*Assignment:* Print exactly and only the lines that run from the one containing "SHEIN Vintaside Kids" through the end of the material, please, omitting pictures.

(Given information begins)

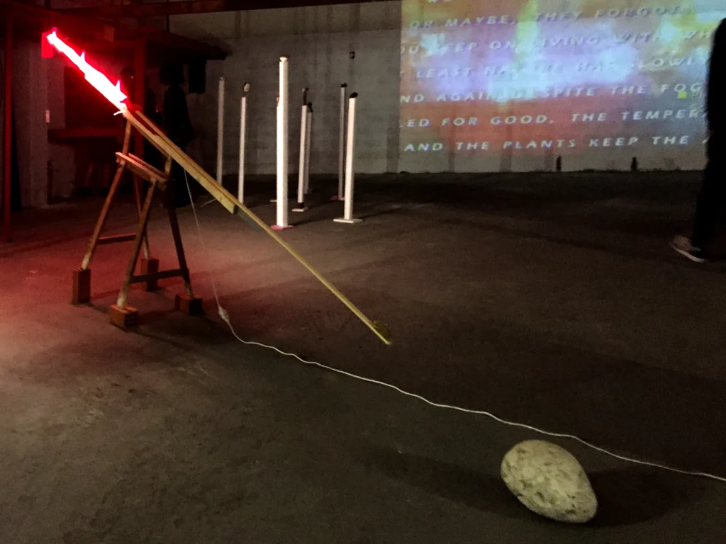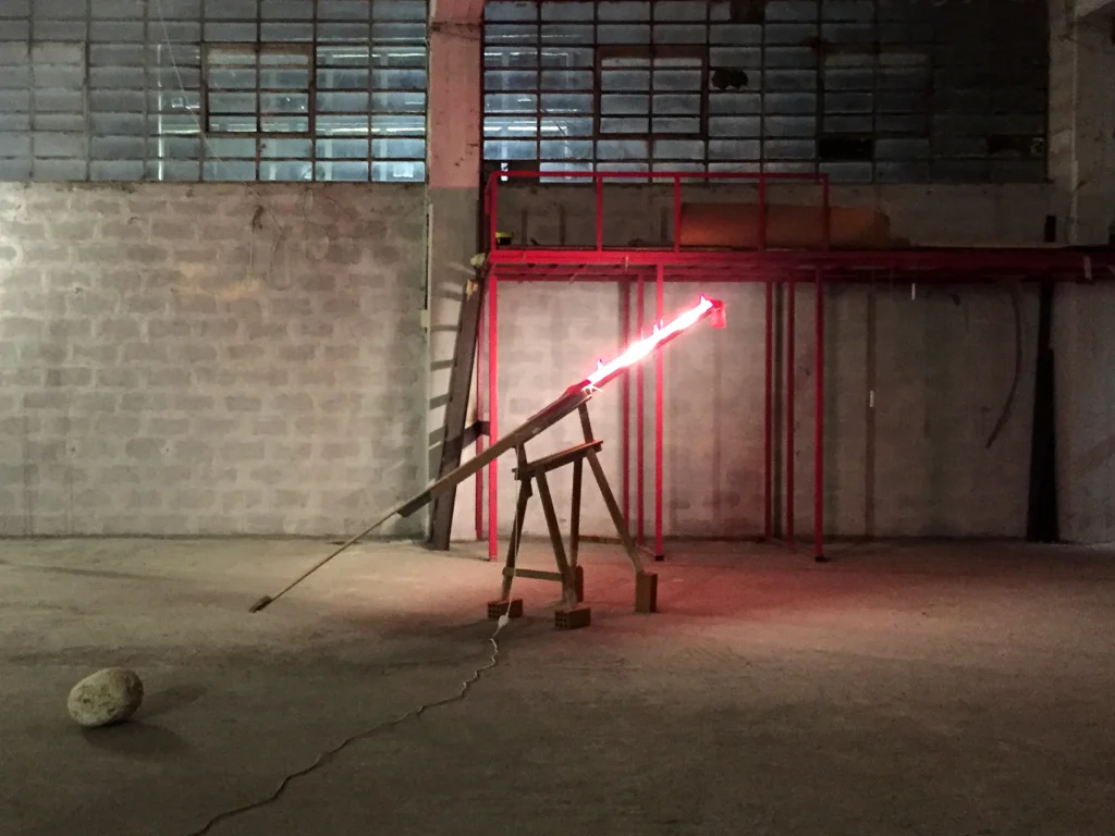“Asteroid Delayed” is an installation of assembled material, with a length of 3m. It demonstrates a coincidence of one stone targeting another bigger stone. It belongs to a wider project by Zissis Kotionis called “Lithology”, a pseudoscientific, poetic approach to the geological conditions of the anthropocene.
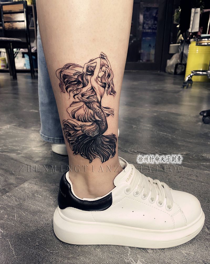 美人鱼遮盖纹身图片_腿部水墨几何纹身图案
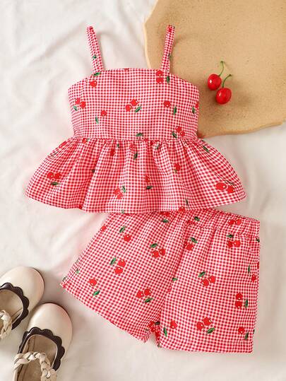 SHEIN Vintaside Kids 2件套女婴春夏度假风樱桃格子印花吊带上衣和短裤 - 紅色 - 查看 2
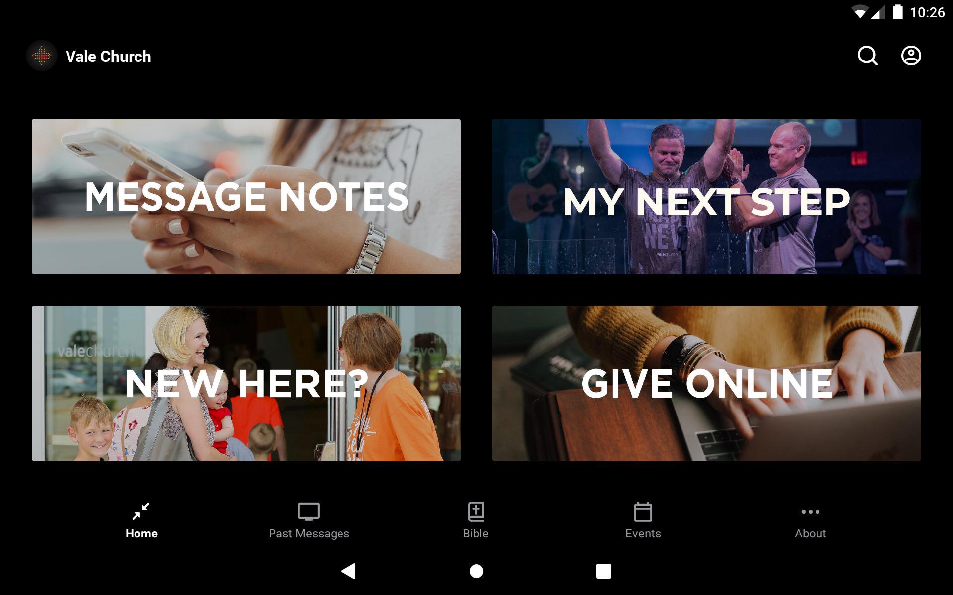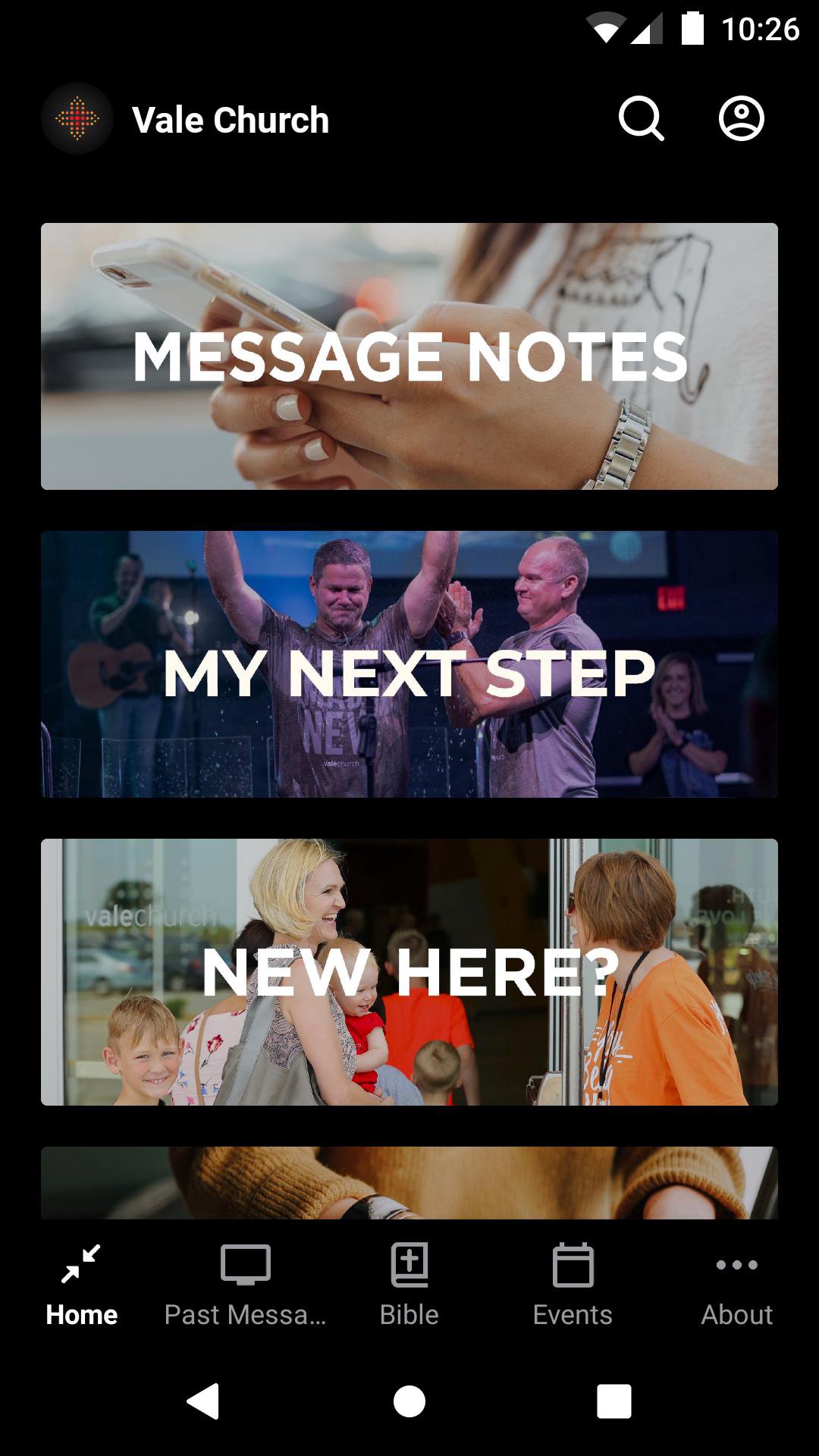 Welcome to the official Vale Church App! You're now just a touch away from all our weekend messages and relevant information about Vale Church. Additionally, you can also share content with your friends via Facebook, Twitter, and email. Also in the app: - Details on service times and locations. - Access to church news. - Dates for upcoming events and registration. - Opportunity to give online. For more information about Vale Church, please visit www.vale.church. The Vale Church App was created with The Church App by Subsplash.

(Given information ends)

*Answer to this exercise:*
 SHEIN Vintaside Kids 2件套女婴春夏度假风樱桃格子印花吊带上衣和短裤 - 紅色 - 查看 2
 Welcome to the official Vale Church App! You're now just a touch away from all our weekend messages and relevant information about Vale Church. Additionally, you can also share content with your friends via Facebook, Twitter, and email. Also in the app: - Details on service times and locations. - Access to church news. - Dates for upcoming events and registration. - Opportunity to give online. For more information about Vale Church, please visit www.vale.church. The Vale Church App was created with The Church App by Subsplash.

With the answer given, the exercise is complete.